*Work request*
In the material below, find the line containing "Thank you for" and the line containing "- vi $TOMCAT_HOME/webapps/manager/META-INF/context.xml", then reproduce exactly both of them and every line between, and nothing else.

*Records for the task*
----------------

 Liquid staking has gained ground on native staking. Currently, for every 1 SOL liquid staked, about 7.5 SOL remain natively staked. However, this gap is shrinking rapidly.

----------------

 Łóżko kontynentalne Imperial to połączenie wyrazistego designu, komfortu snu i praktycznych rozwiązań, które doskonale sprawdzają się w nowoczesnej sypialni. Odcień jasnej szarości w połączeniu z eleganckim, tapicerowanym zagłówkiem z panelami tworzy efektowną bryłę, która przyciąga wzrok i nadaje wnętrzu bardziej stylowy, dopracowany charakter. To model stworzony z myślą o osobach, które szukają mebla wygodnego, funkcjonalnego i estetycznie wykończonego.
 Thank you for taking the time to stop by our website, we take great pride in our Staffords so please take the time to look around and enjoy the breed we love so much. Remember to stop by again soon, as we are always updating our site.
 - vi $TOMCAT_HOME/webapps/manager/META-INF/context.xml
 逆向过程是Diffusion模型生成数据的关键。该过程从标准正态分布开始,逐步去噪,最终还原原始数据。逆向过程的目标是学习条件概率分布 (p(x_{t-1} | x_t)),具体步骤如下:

----------------

*Written solution*
 Thank you for taking the time to stop by our website, we take great pride in our Staffords so please take the time to look around and enjoy the breed we love so much. Remember to stop by again soon, as we are always updating our site.
 - vi $TOMCAT_HOME/webapps/manager/META-INF/context.xml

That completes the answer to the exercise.